Gucci Mane Autobiography Cover

Source: Courtesy of Simon & Schuster / Simon & Schuster

Gucci Mane is a storyteller. But I didn’t immediately understand the gravity of that statement growing up in the South (I was born in Maryland, but raised in Florida from the age of one). Admittedly, it didn’t fully resonate with me until his first post-jail album dropped. Billboard’s coverage of “Everything Gucci Mane Did His First Week Out of Prison” still sticks with me. Based on fan reaction alone, I’d liken Gucci’s comeback to the second coming of Jesus.

Which is why I was excited when his autobiography was announced. I’m only through part one, but what I can say about it is this: The Autobiography of Gucci Mane—so far, at least—is probably not what you expect. If you were waiting for him to dish on explicit details of all his rap beefs to date or recount his days as a Trap God in full, I’m sorry to inform you that this isn’t your book. (Though I’m told he does address the incident during which he reportedly pushed a woman out of a moving vehicle.)

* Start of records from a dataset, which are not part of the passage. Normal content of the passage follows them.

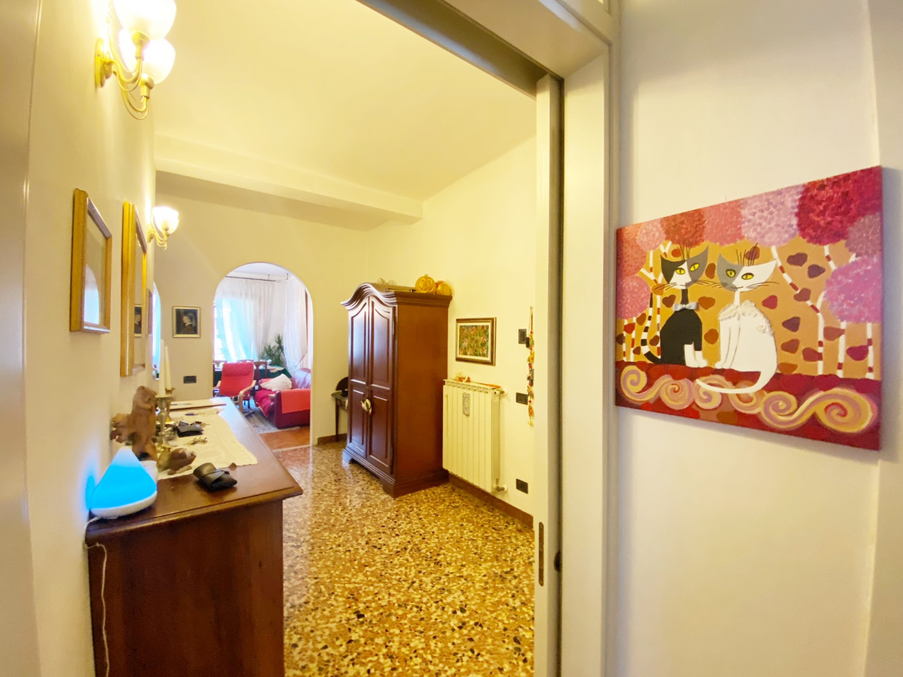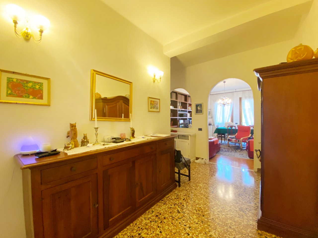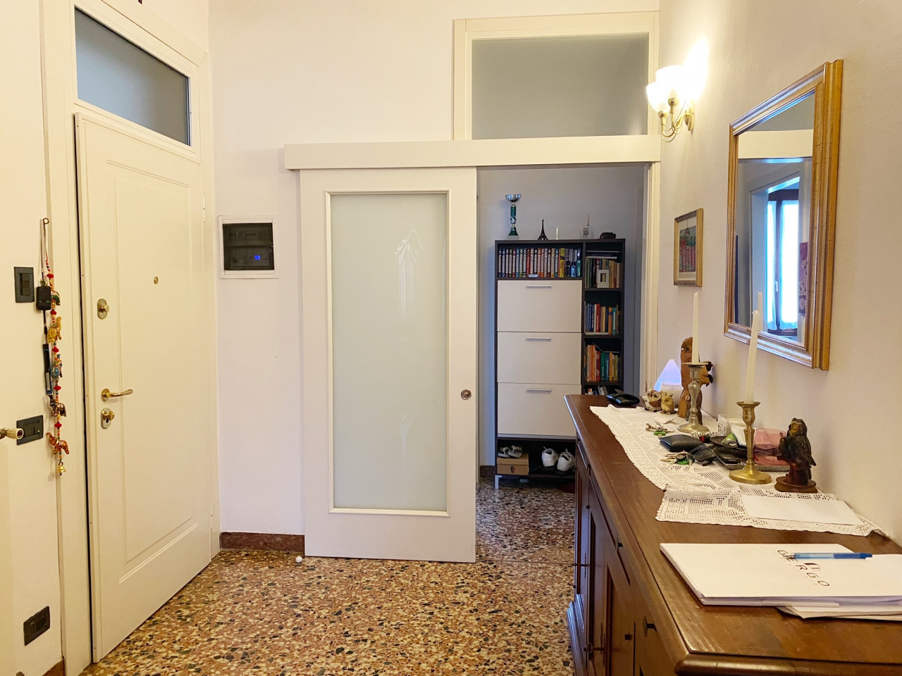 (Per INFO Mara 3481536890) A Treviso, zona tribunale, a soli 400 mt da Porta Santi Quaranta, proponiamo in vendita appartamento dalle ampie metrature, in una palazzina di sole sei unità con un altissimo potenziale. Si compone di: ingresso dalle generose dimensioni che porta al soggiorno ampio e luminoso con poggiolo panoramico sulla città e sul verde circostante e, inoltre, in questo ambiente è stato ricavato un funzionale studio. La cucina, intima e separata dal soggiorno, è servita anch'essa da una veranda ad oggi sfruttata come lavanderia. La zona notte conta una camera padronale da 18 mq, una doppia da quasi 14 mq, una singola ad oggi adibita a studio e cabina armadio e un bagno ampio e finestrato. Il legno, posato a spina di pesce, ed il pavimento veneziano rendono questo appartamento contemporaneo e lussuoso allo stesso tempo. Dispone di serramenti in legno doppio vetro, riscaldamento autonomo con caldaia a condensazione e predisposizione per il raffrescamento. Al piano terra completa la proprietà un garage con annesso magazzino di ben 33 mq. L'unità immobiliare è sita al terzo piano senza ascensore, ma è in corso una valutazione condominiale per l'installazione di un ascensore esterno. Posizione fantastica per raggiungere con una piacevole passeggiata il centro città con i suoi servizi e le sue botteghe. Rif. A7290
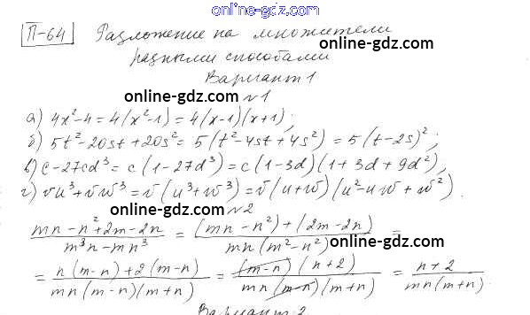 Готовые домашние задания по Алгебре за 7 класс Дидактические материалы Евстафьева, Карп 2018 - ПР-64 Проверочные работы вариант 1
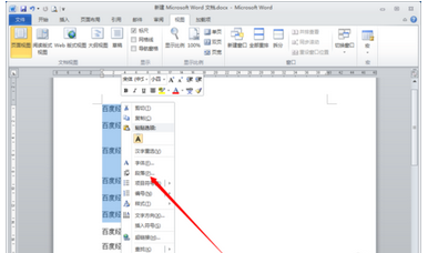 4.接着回到文档里面,继续选中需要设置的文字,点击鼠标右键,选择段落。
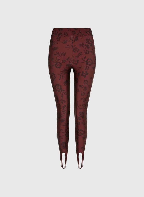 A Calça é confeccionada em malha jersey, possui estampa floral, modelagem fusô, cós aplicado, alça no pé e acabamento pespontado.
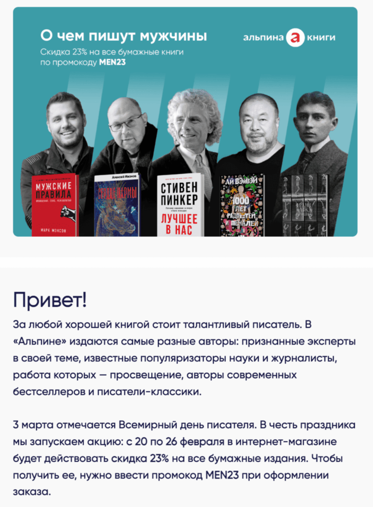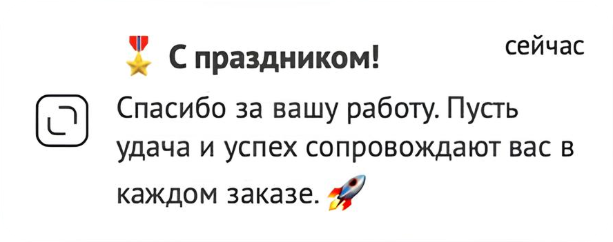 • Клиенты (B2C и B2B) — поздравление и мотивация к заказу.
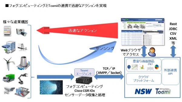 NSWの「Toami」は、M2Mサービスを開発・構築するための専用プラットフォームです。デバイス管理やデータ管理、外部連携機能などを網羅したノンプログラミング開発基盤により、開発効率の大幅な向上とコスト削減を実現しています。また、シスコのフォグコンピューティングは、クラウドとデバイスの間に位置し、データ発生場所の近くで、事象に基づく判断を迅速に行え、ネットワーク負荷軽減も実現できます。
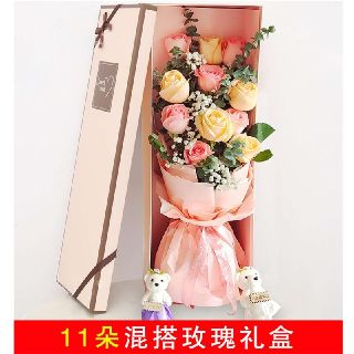 11朵混搭玫瑰礼盒花 11朵混搭(粉色玫瑰,香槟玫瑰)玫瑰鲜花礼盒花,尤加利满天星点缀 由于鲜花都是鲜... 169 元/束 花皇鲜花 已售1 好评100% 最快上门 0.5小时
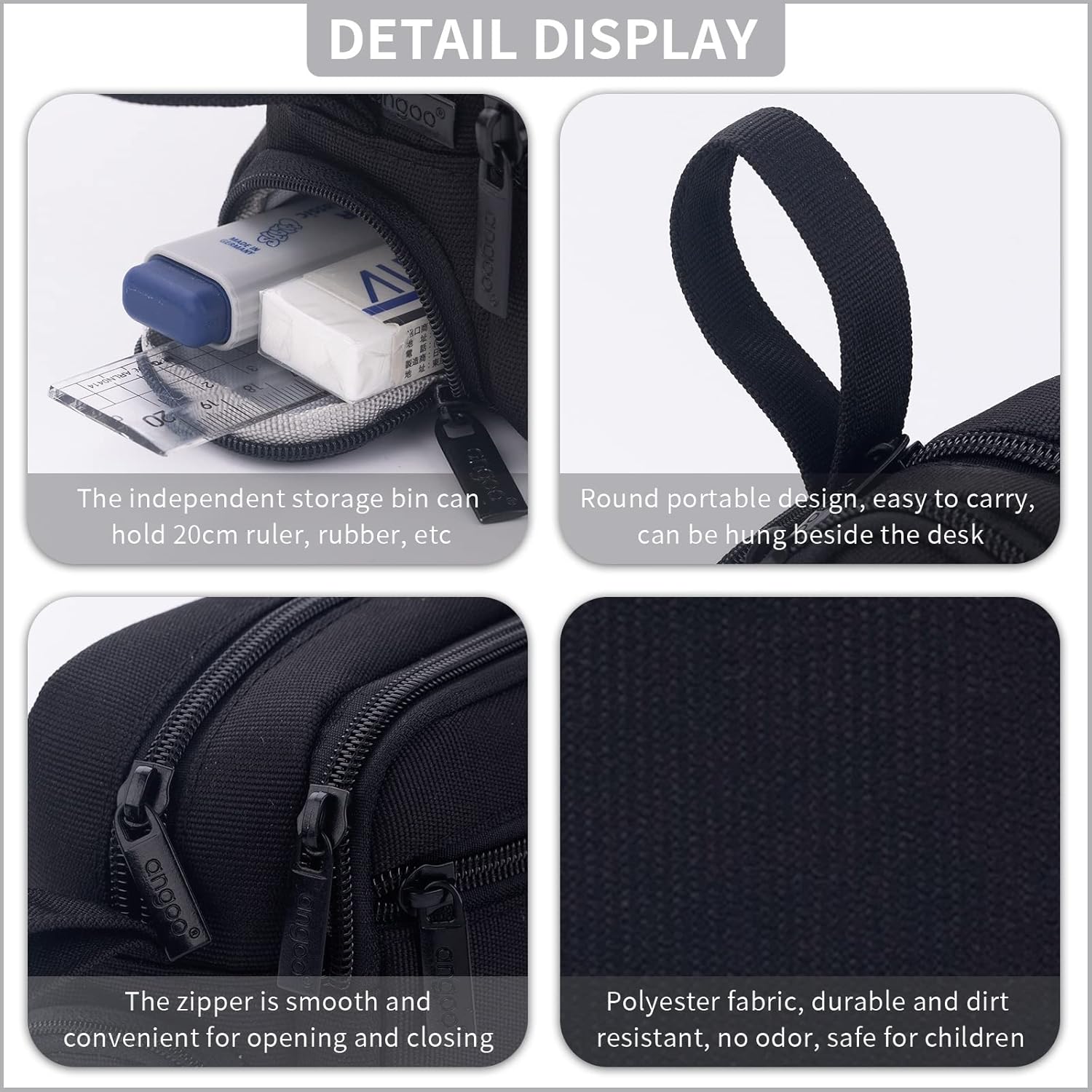 • Multifunctional: The pencil case is designed to store and organize pens, gel pens, pencils, rules, erasers, markers, scissors, protractors, calculators, compasses and other stationery items.
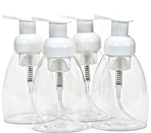 - 4 - 8.5 oz, Oval, Clear, Plastic Foaming Soap Bottles, with White Dispenser Pumps
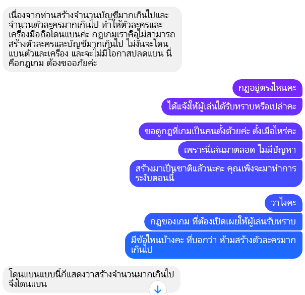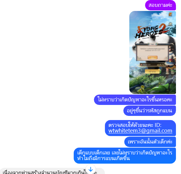 สวัสดีค่ะ ขออนุญาตเข้าเรื่องเลยนะคะ เนื่องด้วยจากดิฉันได้ทำการเล่นเกมออนไลน์ ชื่อเกม Yong Heroes 2 โดยได้ทำการเล่นมาเป็นระยะเวลาเดือนกว่าๆ แล้ว และด้วยที่ไม่ได้เป็นสายเติมเงิน แต่มีเครื่องมือถือให้เล่นประมาณ 2-3 เครื่อง จึงอาศัยสร้างหลายไอดี หลายตัวละคร และขยันฟามเอา แต่เกิดเรื่องวันนี้ 22.12.2023 ได้มีการระงับไอดีไม่ให้ดิฉันเข้าเกม จึงได้ทำการติดต่อสอบถามแอดมินของเกมไปว่าเกิดอะไรขึ้นกับไอดี คำตอบที่ได้รับกลับมาตามภาพเลยค่ะ ซึ่งเค้าแจ้งว่า มันเป็นกฏ (แต่เราถามว่ากฏอยู่ตรงไหน เค้าเลี่ยงที่จะไม่ตอบคำถามนั้น โดยที่เค้าเป็นคนตอบแบบนั้นมาก่อน)

But! If you want to read about how Gucci pushed through trials and tribulations (nevermind that he created most of them for himself), then this is a read for you. In the first 100 pages, I’ve already learned a lot. Behold, a brief list of fun facts you might not know about Guwop:

1 Gucci’s name comes from his daddy, Ralph Everett Dudley, who “went by a lot of aliases,” including Slim Daddy and Ralph Witherspoon. Gucci’s grandfather loved to dress and particularly loved Gucci as a clothing brand. (Pg. 5)

 

2 Gucci’s brother Duke essentially birthed his love for rap. A music enthusiast, Duke was up on the hottest hip-hop during the ’80s, and Gucci studied his brother’s tapes intently—even when Duke wasn’t around. (Pg. 12)

 

3 Gucci met OJ da Juiceman as a kid collecting aluminum cans for money. Collecting cans was his “first enterprise,” as he describes in the book. (Pg. 24)

 

4 Gucci started selling dope in eighth grade so he could afford the Starter jacket his mother couldn’t get him for Christmas that year. (Pg. 26)

 

5 32 Bouldercrest is the name of one of the buses that stopped near the Texaco where Gucci would sell. He references both in 2008’s “I’m a Star.” (Pg. 38)

 

6 In 2001, Gucci was arrested at the famed Texaco station he rapped about in “I’m a Star” (both he and OJ da Juiceman have rapped about the Texaco many times). He says this particular arrest was the catalyst of his music career. (Pg. 46)

 

7 Zaytoven is actually from the Bay Area. When Gucci met him, he was new to Georgia and had been making beats for folks like E-40 and Messy Marv. (Pg. 48)

 

8Misery Loves Company” was Gucci’s first-ever music video, which was put out around his early days with the Zone 6 Clique. (Pg. 65)

 

9 Gucci’s success with 2004’s “Black Tee” was sort of accidental and opportunistic. He recorded a remix of Dem Franchize Boyz’s “White Tee” and with members of Str8 Drop, a crew he formed with his partner Whoa back in the day, and DJs started to credit it as Gucci’s record since he had the first verse. This is essentially how his name started buzzing in Atlanta. (Pg. 73-75)

10 Gucci turned down a deal with Grand Hustle. He believes Young Dro was possibly signed in his place. (Pg. 80-81)

 

11 Cam’ron is one of Gucci’s favorite rappers. (Pg. 82)

 

 

12 LaFlare Entertainment was spwaned through a deal with Marlon Rowe (aka Big Cat), who signed Gucci to his local independent label Big Cat Recordings. (Pg. 84)

 

13 John Legend’s “Ordinary People” was Gucci’s favorite song around the time he found out he was wanted for murder. (Pg. 96)

 

The Autobiography of Gucci Mane is on sale now.